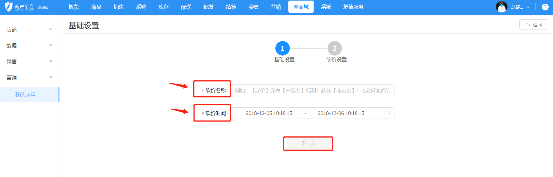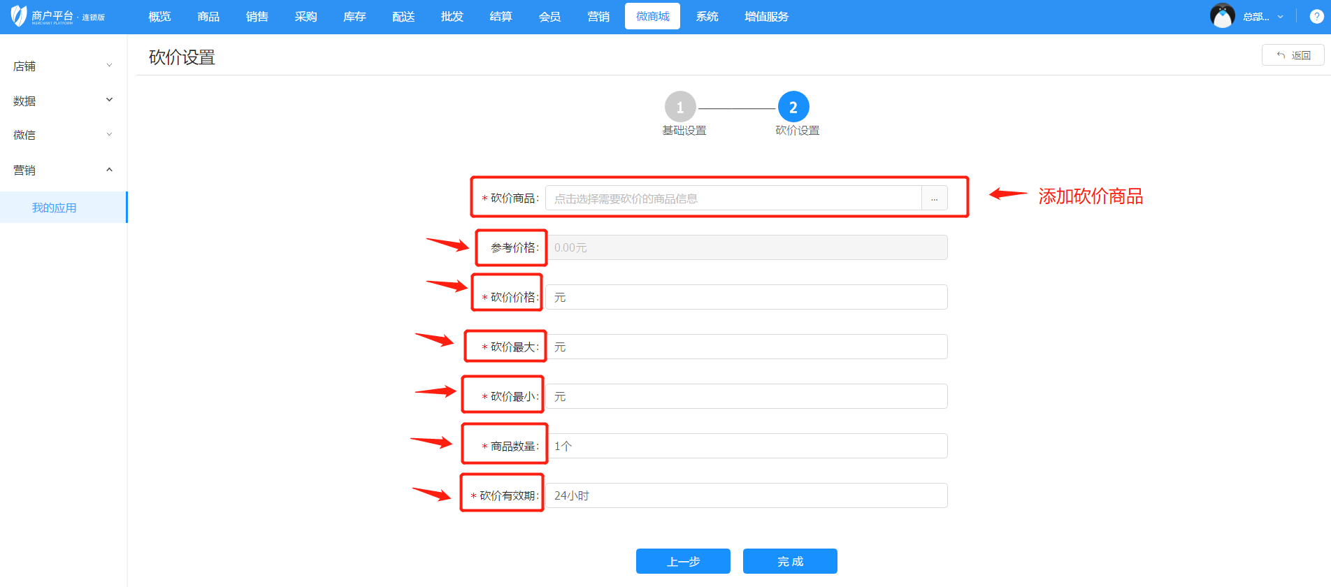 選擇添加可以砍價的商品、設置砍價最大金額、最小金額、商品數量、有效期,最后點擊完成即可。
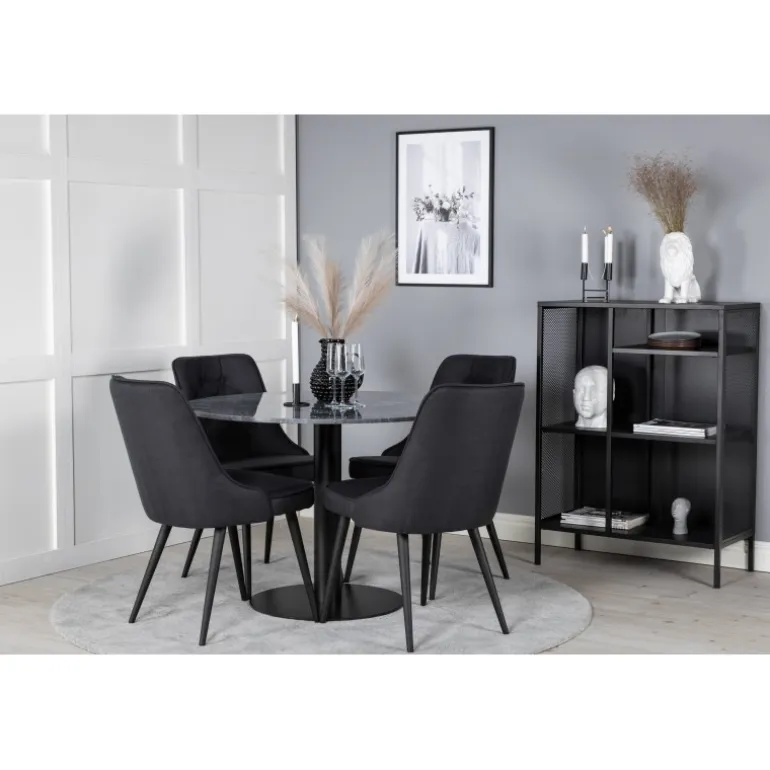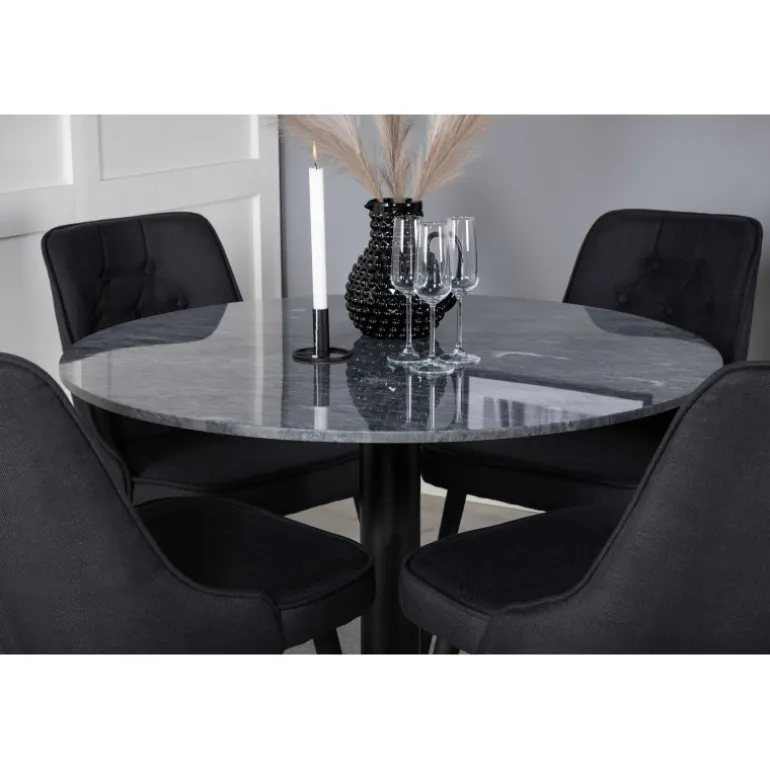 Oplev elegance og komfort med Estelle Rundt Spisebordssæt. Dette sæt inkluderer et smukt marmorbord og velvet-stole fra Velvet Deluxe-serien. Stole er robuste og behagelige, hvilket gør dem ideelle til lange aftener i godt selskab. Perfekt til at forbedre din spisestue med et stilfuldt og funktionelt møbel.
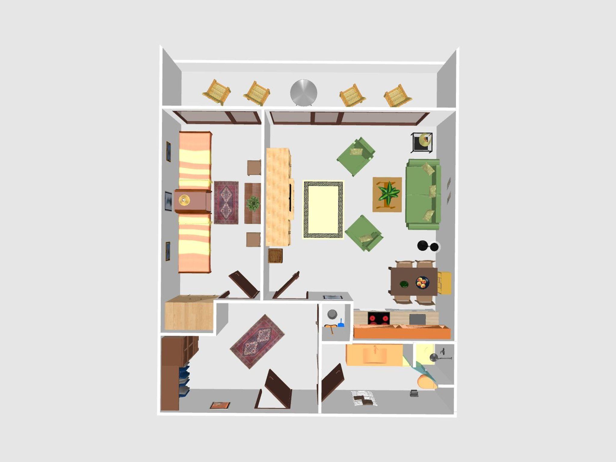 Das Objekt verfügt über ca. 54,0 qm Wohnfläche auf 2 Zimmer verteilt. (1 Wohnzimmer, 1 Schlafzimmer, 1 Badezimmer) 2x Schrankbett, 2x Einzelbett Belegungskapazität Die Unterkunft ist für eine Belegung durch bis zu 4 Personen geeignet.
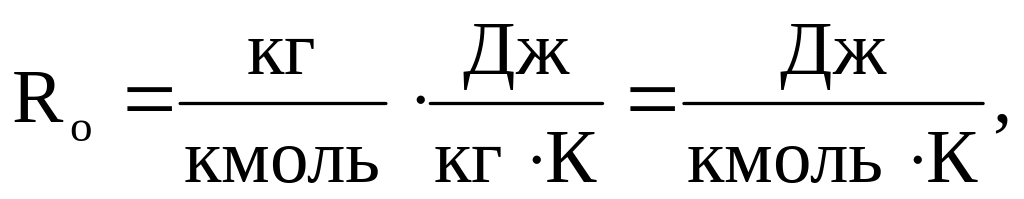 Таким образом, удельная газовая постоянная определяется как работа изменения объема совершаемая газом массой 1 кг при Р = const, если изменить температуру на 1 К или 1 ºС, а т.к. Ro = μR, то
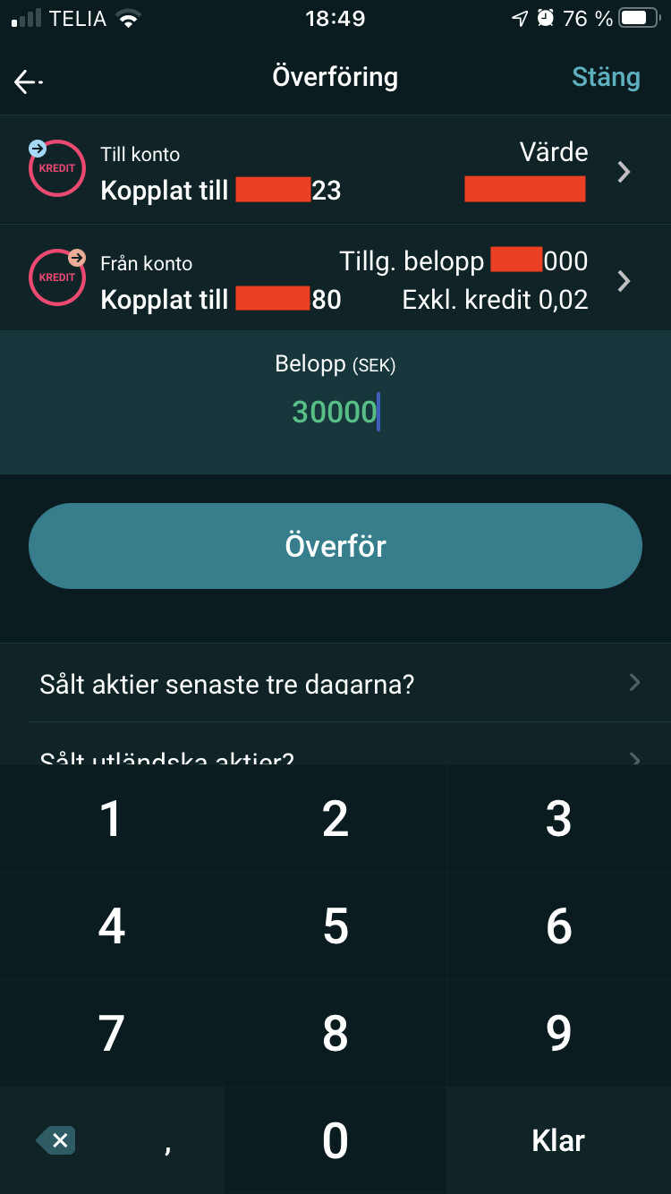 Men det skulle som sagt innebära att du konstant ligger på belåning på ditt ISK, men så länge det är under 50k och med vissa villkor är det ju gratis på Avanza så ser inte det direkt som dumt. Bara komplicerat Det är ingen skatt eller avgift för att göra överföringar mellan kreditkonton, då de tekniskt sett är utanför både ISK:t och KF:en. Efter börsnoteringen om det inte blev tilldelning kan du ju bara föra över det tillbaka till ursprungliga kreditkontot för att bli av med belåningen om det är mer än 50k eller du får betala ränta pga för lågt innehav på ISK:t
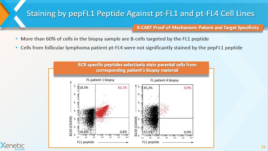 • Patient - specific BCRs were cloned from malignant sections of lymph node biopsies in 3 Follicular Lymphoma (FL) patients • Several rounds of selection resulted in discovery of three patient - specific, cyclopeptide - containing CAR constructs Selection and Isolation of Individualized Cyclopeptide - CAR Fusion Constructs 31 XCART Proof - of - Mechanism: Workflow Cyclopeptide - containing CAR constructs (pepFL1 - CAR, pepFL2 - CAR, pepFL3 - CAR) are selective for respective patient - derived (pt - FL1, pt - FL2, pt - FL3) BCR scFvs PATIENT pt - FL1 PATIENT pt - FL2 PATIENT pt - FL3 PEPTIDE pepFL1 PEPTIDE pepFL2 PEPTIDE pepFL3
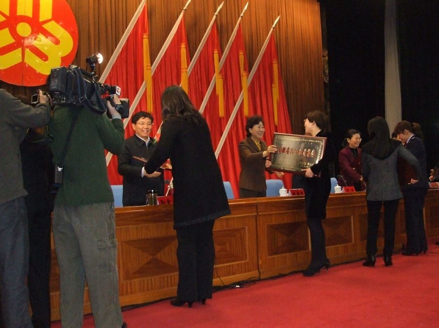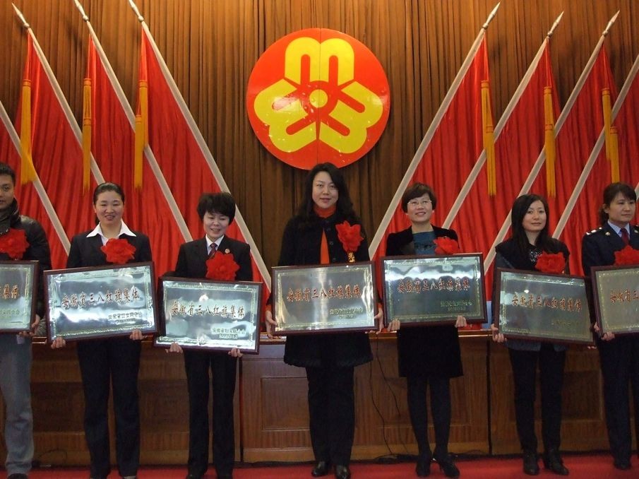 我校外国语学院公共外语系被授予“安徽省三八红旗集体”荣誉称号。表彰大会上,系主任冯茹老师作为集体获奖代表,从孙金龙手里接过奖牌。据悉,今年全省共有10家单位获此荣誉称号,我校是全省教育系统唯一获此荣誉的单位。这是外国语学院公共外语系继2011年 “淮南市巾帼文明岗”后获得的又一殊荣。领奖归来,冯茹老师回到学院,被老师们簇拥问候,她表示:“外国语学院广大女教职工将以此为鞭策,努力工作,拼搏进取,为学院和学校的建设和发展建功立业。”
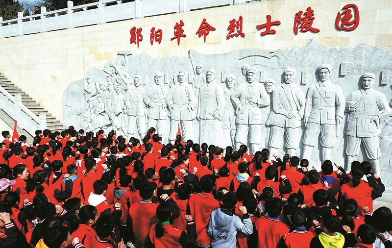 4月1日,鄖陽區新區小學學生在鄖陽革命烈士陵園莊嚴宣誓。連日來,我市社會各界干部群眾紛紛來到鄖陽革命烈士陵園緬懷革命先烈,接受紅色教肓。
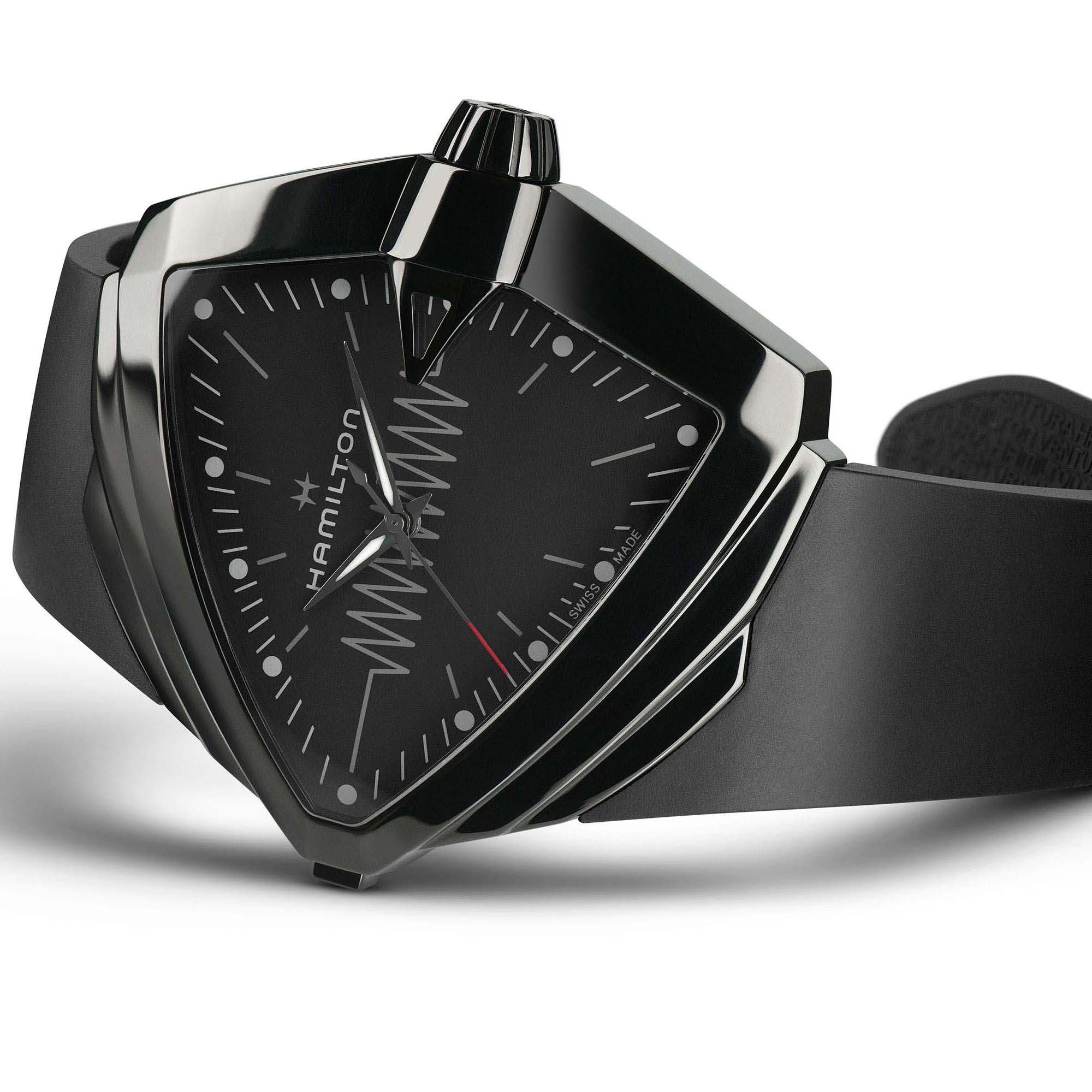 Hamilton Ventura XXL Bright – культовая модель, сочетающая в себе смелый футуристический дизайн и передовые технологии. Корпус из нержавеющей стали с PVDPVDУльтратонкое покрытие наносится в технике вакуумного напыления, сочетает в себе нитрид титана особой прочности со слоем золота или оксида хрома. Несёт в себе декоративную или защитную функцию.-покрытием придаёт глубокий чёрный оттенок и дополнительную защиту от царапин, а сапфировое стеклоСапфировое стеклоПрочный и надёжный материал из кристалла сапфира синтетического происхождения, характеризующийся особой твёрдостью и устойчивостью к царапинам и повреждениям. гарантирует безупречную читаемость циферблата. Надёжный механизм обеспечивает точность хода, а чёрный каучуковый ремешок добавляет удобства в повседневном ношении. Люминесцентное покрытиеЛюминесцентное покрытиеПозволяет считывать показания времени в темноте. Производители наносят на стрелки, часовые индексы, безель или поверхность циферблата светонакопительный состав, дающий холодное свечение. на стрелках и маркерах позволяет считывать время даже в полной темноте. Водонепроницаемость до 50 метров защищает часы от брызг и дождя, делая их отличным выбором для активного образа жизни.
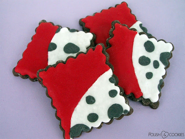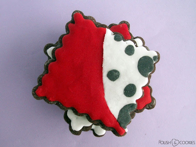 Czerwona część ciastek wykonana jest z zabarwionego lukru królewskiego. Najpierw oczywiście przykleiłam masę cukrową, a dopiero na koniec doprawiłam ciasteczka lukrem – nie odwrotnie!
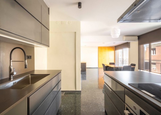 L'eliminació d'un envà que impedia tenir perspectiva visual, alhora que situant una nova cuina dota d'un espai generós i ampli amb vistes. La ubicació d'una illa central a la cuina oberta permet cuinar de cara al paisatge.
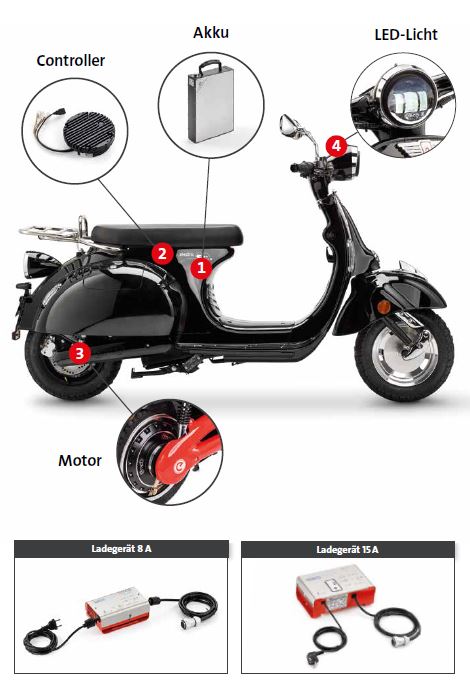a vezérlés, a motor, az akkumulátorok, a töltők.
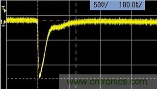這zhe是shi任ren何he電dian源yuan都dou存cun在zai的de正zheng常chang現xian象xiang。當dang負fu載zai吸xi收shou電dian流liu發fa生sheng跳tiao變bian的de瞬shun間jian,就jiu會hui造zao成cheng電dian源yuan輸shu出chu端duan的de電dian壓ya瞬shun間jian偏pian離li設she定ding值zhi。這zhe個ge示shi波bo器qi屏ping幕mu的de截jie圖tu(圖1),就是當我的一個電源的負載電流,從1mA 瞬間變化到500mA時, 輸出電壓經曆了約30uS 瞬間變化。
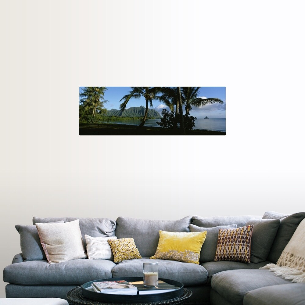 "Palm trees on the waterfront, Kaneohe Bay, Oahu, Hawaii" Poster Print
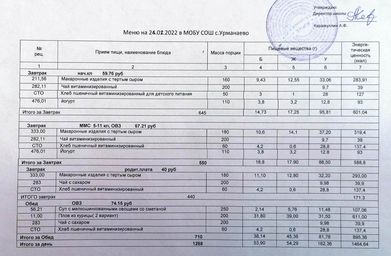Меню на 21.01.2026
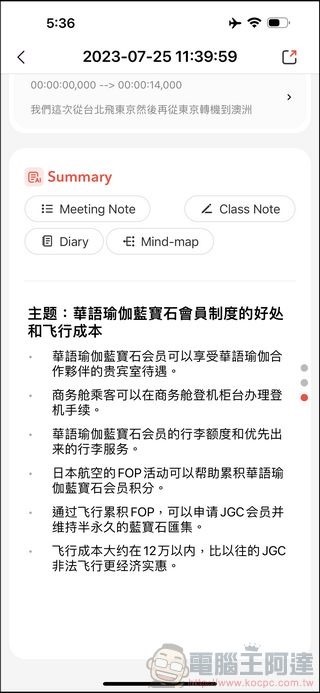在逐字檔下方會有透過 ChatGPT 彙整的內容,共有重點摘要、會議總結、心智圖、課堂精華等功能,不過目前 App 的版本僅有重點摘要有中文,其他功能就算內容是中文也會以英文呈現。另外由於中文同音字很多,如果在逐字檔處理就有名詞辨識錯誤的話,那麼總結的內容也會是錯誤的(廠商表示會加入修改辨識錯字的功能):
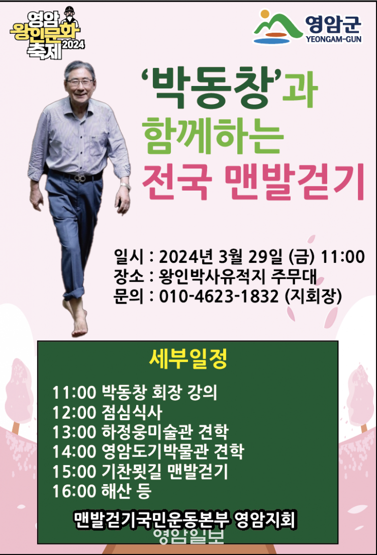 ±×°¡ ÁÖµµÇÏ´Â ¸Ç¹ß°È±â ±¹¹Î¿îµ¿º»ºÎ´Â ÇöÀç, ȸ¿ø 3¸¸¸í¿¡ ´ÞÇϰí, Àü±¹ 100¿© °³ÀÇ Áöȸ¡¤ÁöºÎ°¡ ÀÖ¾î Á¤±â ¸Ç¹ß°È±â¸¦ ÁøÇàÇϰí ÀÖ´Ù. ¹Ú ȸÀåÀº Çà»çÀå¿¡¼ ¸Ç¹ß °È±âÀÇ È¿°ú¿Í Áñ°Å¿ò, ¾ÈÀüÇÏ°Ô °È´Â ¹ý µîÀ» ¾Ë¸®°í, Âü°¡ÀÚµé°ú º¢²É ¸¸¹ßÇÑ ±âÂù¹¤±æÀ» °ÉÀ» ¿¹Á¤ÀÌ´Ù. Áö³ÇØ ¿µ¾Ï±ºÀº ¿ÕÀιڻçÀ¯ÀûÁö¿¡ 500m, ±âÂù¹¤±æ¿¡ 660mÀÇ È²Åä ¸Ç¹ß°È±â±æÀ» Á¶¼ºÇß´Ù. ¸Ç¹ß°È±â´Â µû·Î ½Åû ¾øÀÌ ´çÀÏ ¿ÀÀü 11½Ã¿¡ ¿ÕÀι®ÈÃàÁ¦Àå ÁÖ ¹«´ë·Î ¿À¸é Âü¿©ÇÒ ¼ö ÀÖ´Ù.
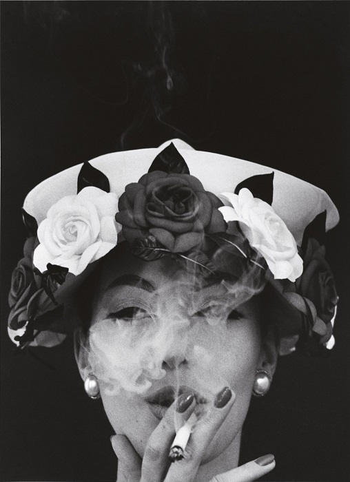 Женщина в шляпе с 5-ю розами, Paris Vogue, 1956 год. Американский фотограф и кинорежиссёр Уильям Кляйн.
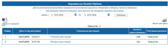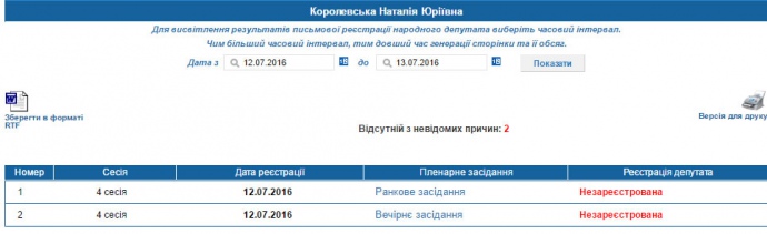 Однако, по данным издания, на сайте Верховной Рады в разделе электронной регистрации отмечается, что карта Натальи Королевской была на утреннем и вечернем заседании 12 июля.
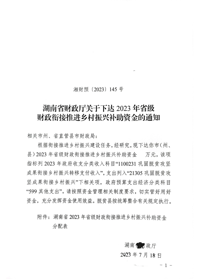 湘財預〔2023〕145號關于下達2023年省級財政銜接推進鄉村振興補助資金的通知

——————

* BRIEF
Exactly reproduce the run of lines from the start of the listing through the line with "Das Objekt verfügt", inclusive; pictures are not copied.

* WORKED SOLUTION
 選擇添加可以砍價的商品、設置砍價最大金額、最小金額、商品數量、有效期,最后點擊完成即可。
 Oplev elegance og komfort med Estelle Rundt Spisebordssæt. Dette sæt inkluderer et smukt marmorbord og velvet-stole fra Velvet Deluxe-serien. Stole er robuste og behagelige, hvilket gør dem ideelle til lange aftener i godt selskab. Perfekt til at forbedre din spisestue med et stilfuldt og funktionelt møbel.
 Das Objekt verfügt über ca. 54,0 qm Wohnfläche auf 2 Zimmer verteilt. (1 Wohnzimmer, 1 Schlafzimmer, 1 Badezimmer) 2x Schrankbett, 2x Einzelbett Belegungskapazität Die Unterkunft ist für eine Belegung durch bis zu 4 Personen geeignet.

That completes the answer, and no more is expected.